Exercising Your Rights

To exercise any of your rights as set out above, please contact us by submitting a request using this form Please note that you will need to verify your identity before we can fulfil your request. Your request must: (i) provide sufficient information that allows us to reasonably verify that you are the person about whom we collected personal information or an authorised representative of that person; and (ii) describe the request with sufficient detail that allows us to properly understand, evaluate, and respond to it. We will only use personal information provided in a verifiable consumer request to verify the requestor’s identity or authority to make the request. We will respond to your verifiable request within any prescribed timelines. In some regions, there may be limitations on how often a request relating to personal information may be submitted.

Marketing and Your Rights

Marketing and exercising your right to opt-out of marketing emails and personalisation

In certain jurisdictions, you will need to expressly consent to receive marketing emails. If you are an authenticated user on our website or user of our software and Services, we may provide you with a personalised experience based on your user behaviour.

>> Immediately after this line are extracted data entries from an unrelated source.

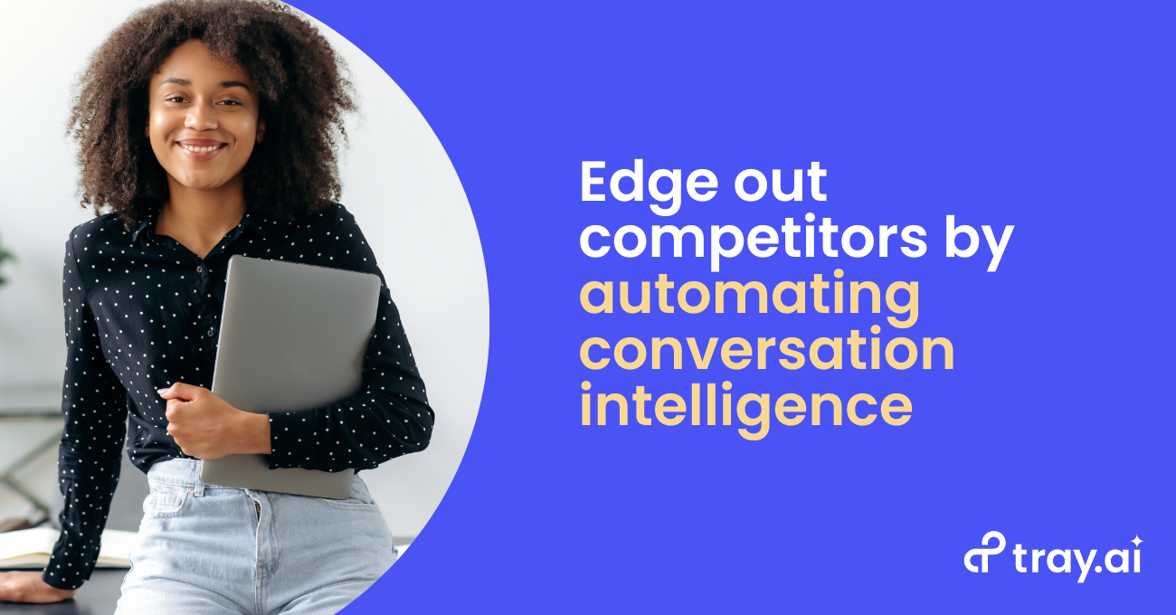 This post will break down a workflow that notifies sales teams when a competitor is mentioned in a sales call, providing them with the information needed to act quickly and better prepare for future calls. For this workflow, we’ll be using an AI-ready iPaaS, Tray. Tray uses API integrations tp directly connect different apps, along with API-level automation to trigger a series of automated steps to flow data between those apps. As we’ll see in this example, Tray is flexible and powerful enough to rapidly convert a competitor mention on a sales call into actionable insights to help sales teams win more deals.
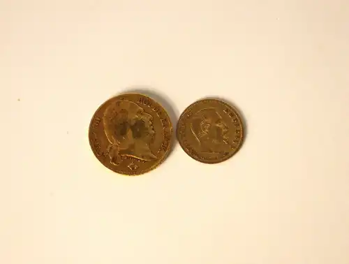 Pièce de 20 Francs or Louis XVIII de 1819 Paris et une pièce de 5 Francs or Napoléon III et 1859.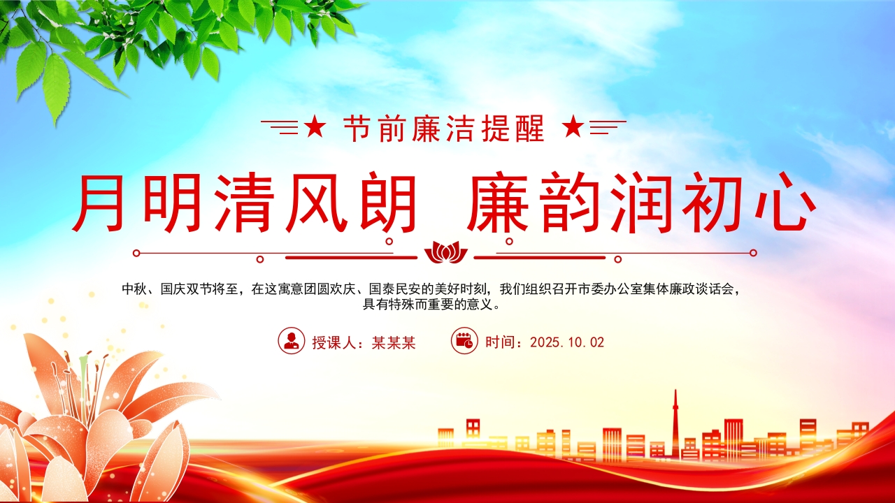 节前廉洁提醒PPT月明清风朗廉韵润初心微党课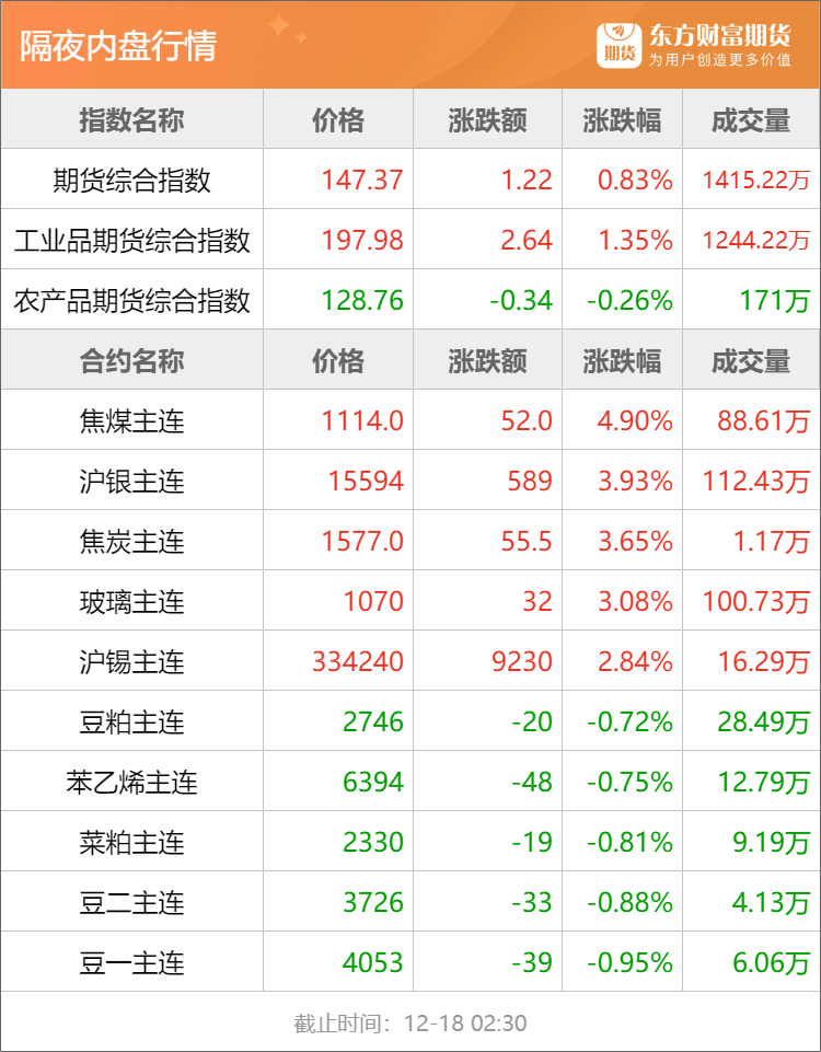 隔夜行情![]() ![]() 每日精选碳酸锂期货价格飙涨!“亚洲锂都”大动作 实际影响有多大? 又创新高!白银年内涨超125%成黑马 机构解读后市 国家发改委等部门:对标国内外煤炭最严格污染物排放要求 完善煤炭清洁高效利用标杆水平 宏观产经界面新闻:国家发展改革委等部门发布《煤炭清洁高效利用重点领域标杆水平和基准水平(2025年版)》。其中提到,鼓励和引导行业企业结合实际和长远发展,对项目实施改造升级。对新建煤炭开发利用项目和有条件的存量项目,推动清洁高效利用水平应提尽提,力争达到标杆水平。对清洁高效利用水平低于现有基准水平的存量项目,引导企业有序开展煤炭清洁高效利用改造,加快推动企业减污降碳,坚决依法依规淘汰落后产能、落后工艺。 广期所:近期,影响市场运行的不确定性因素较多,相关品种价格波动较大。请各市场主体加强风险防范,理性合规参与市场,维护市场平稳运行。广州期货交易所将持续强化日常监管,严肃查处各类违规行为,维护市场正常秩序。 财政部网站:1—11月,印花税4044亿元,同比增长27%。其中,证券交易印花税1855亿元,同比增长70.7%。据财政部此前发布的数据,2025年1—10月证券交易印花税收入为1629亿元,这意味着今年11月证券交易印花税为226亿元,相较于10月的181亿元环比增长24.86%。此外,2024年11月证券交易印花税为221亿元,经计算,今年11月证券交易印花税同比微增2.26%。 品种资讯 黑色系期货 钢材:本周,唐山主流样本钢厂平均钢坯含税成本3055元/吨,周环比下调10元/吨,与12月17日当前普方坯出厂价格2940元/吨相比,钢厂平均亏损115元/吨。 12月17日,全国300家长、短流程代表钢厂废钢库存总量524.47万吨,增0.22%;库存周转天7.9天,持平;日消耗总量56.00万吨,增0.25%;日到货总量57.14万吨,增0.14%。(我的钢铁网) 硅铁:2025年硅铁产能合计983.7万吨,1-11月产量合计509.55万吨。据不完全统计,2025年全年硅铁新增产能有限,主要集中在甘肃及内蒙古。(我的钢铁网) 煤炭:国际能源署(IEA)预测,2025年全球煤炭需求将达到历史新高88.5亿吨;展望未来,IEA预计到2030年煤炭需求将下降3%,主要来自于可再生能源、核能和天然气市场的激烈竞争;IEA高管指出,全球煤炭需求正达到峰值,并将在2030年开始以非常缓慢且渐进的方式下降。(财联社) 12月17日海运炼焦煤港口现货稳中有涨。供应方面,港口现货仍以去库为主,到港以俄、澳、加为主,港口成交亦以俄、加为主;需求方面,产地竞拍成交状况见好,焦钢企业阶段性补库行为显现;情绪方面,今日盘面走势震荡小幅上涨,部分煤种成交价上涨5-10元/吨。(我的钢铁网) 农产品期货 玉米:2025年11月,全国工业饲料产量2873万吨,环比减少1.2%,同比增长2.7%。其中,配合饲料、浓缩饲料、添加剂预混合饲料同比分别增长2.6%、4.5%、0.1%。主要饲料产品出厂价格同比下降,畜禽配合饲料、浓缩饲料、添加剂预混合饲料出厂价格环比以降为主。饲料企业生产的配合饲料中玉米用量占比为43.8%,配合饲料和浓缩饲料中豆粕用量占比为14.0%。(中国饲料工业协会) 棕榈油:据船运调查机构SGS公布数据显示,预计马来西亚12月1日-15日棕榈油出口量为435882吨,较前一月同期出口的334295吨增加30.39%。(新华财经) 豆粕:据Mysteel,12月17日,全国主要油厂豆粕成交15.00万吨,较前一交易日增11.45万吨,其中现货成交4.90万吨,较前一交易日增2.61万吨,远月基差成交10.10万吨,较前一交易日增8.84万吨。当日全国动态全样本油厂开机率升至60.06%。(我的钢铁网) 有色/贵金属期货 沪银:全球最大白银ETF--iShares Silver Trust跃升3%,创下历史新高。(财联社) 碳酸锂:据我的钢铁网(Mysteel)数据显示,12月17日MMLC电池级碳酸锂(早盘)价格较前一日上涨3500元/吨,中间价报101300元/吨。(Mysteel) 多晶硅:12月17日,中国有色金属工业协会硅业分会发布的数据显示,据安泰科统计,本周多晶硅N型复投料成交价格区间为4.9万-5.5万元/吨,成交均价为5.32万元/吨;N型颗粒硅成交价格区间为5.0万-5.1万元/吨,成交均价为5.05万元/吨。与上周相比,硅料价格环比持平。但硅业分会表示,本周多数多晶硅企业均将新单报价上调至6.5万元/吨以上。这与当前价格相比上涨超过20%。(21财经) 能化期货 原油:美国上周EIA原油库存减少127.4万桶,预期减少205万桶,前值减少181.2万桶。美国上周EIA库欣地区原油库存变动减少74.2万桶,前值增加30.8万桶。美国上周EIA汽油库存增加480.8万桶,预期增加195万桶,前值增加639.7万桶。 据央视新闻报道,委内瑞拉国家石油公司(PDVSA)发布公告通报称,委内瑞拉原油及石油产品出口业务正在正常开展。公告称,与委内瑞拉国家石油公司相关的油轮仍继续在充分的技术支持和运营保障下航行,合法行使自由航行权利。自由航行与自由贸易的权利受到国际法的广泛承认和保护。委内瑞拉国家石油公司重申其捍卫委内瑞拉玻利瓦尔共和国能源主权、履行合法商业承诺及保护海上运营的决心,重申始终遵循宪法、国际海事法及《联合国宪章》原则行事。(财联社) 塑料:截至12月17日,中国聚乙烯生产企业样本库存量48.87万吨,较上期上涨1.72万吨,环比上涨3.65%,库存趋势维持上涨。主因近期生产企业出厂价下调放缓,主动去库意向减弱,但是市场价格呈下跌趋势,贸易商观望气氛增强开单放缓。其次因为下游工厂开工率维持下跌趋势,刚需补库力度减弱,消化市场低价资源为主。所以生产企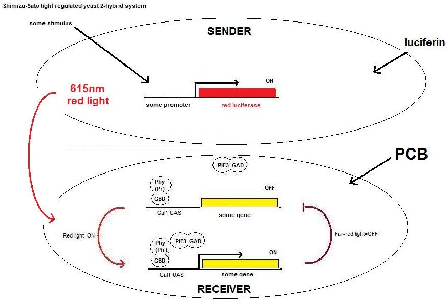 The potential problem for the yeast system is that phycocyanobilin (PCB) needs to be exogenously supplemented. It may need to be extracted from a suitable (algae?) source or the bacterial PCB biosyntheis pathway may need to be cloned into yeast, if possible. Also, if using yeast as a "sender" with red-luciferase, the luciferin substrate for luciferase also needs to be added externally. Uptake should occur if the media is made acidic.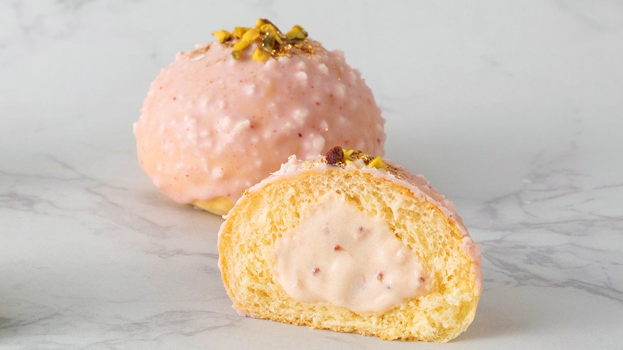 しっとりふんわり柔らかな生地の中に、キルシュを加えたストロベリークリームを入れました。アクセントにカルダモンとピスタチオをトッピングし、食感もお楽しみいただけます。クリームのなめらかで優しい味わいに大人な酸味がプラスされた、ピンク色が可愛らしいミニくりーむパンです。(※1)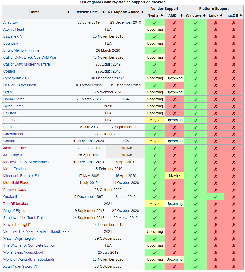 Und wenn mir jemand mit der Armseeligen Liste an Spielen kommt, die es Unterstützen, dann braucht der sich gar nicht erst die Mühe machen. Weil wenn ich lese, dass WOW, Quake 2 oder Minecraft RT unterstützen, dann fang ich gleich an zu kotzen. Die Games sind jetzt schon lange keine Grafikprachten mehr.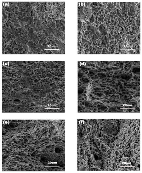 Figure 15 shows the fracture morphology at locations C1 and H1. At location C1, the fracture surface was planar and there were some very shallow and small dimples. Therefore, the fracture behavior was brittle fracture. This further confirmed the high strength and low toughness of the hardened zone mentioned above. At location H1, the fracture surface was dark grey and classic cup-shaped, and some large and deep dimples could be clearly observed. The fluctuation of the fracture surface increased when the die temperature exceeded 400 °C. Therefore, the fracture behavior was ductile fracture, matching the high toughness and low strength of the ductile zone mentioned above.
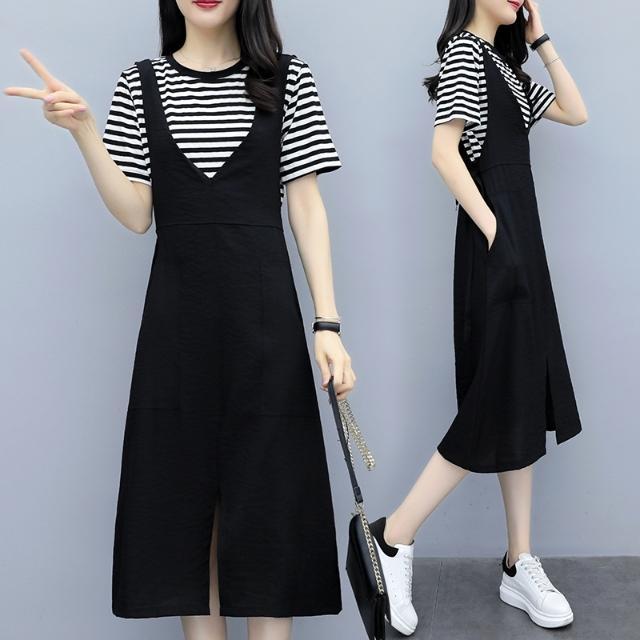 第四 黑白条其实并不的显瘦,但是外边这个背带连衣裙。上部的背带能把上身分成几个部分大家都懂的,这样特别显瘦,视觉效果特别好。

In all jurisdictions, you can choose not to receive such communications at any time by clicking on marketing opt-out links in any electronic marketing materials we send you, by making a request to using the contact details set out in the “Contacting Us” section of this Notice, or, in relation to certain third party advertisements, by exercising your rights related to cookies as explained in our Cookie Notice.

Third-party marketing/sale of Personal Information

We do not share or sell your personal information to third parties for the third party to use for their own marketing or other purposes.

9) UPDATES TO THIS NOTICE

The “LAST UPDATED” legend at the top of this Notice indicates when this Notice was last revised. Any changes will become effective when we post the revised Notice.